Third, multilingual coverage has expanded sharply. BGE-M3 spans more than 100 languages and supports dense, sparse, and multi-vector retrieval from one model. Cohere Embed v3 multilingual covers about 100 languages at 1024 dimensions. Snowflake arctic-embed-l-v2.0 (December 2024) and Nomic Embed v2 MoE (early 2025) continue the trend. Domain-tuned variants for code, finance, and law have also appeared.

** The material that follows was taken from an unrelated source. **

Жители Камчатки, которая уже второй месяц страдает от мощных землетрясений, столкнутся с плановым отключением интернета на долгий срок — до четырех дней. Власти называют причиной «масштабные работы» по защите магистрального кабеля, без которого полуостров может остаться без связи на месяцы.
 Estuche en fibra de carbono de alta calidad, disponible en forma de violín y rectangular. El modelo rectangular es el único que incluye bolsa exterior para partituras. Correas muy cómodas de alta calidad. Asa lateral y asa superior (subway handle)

Domain transfer is brittle: an encoder trained on web text often performs poorly on legal contracts or clinical notes without further fine-tuning. Long-context degradation is real; even models accepting 8K or 32K tokens often summarize only the early part of a long input. Embedding models can amplify training-data biases. Evaluation has pitfalls: heavy reliance on the public MTEB leaderboard has been criticized for encouraging benchmark-specific overfitting, and the classification and clustering slices use simple linear probes whose results shift with small setup changes. Coverage for low-resource languages remains uneven, and embeddings still cannot reliably encode logical conditions such as numeric ranges, negations, or date arithmetic, which are common failure modes in retrieval-augmented generation.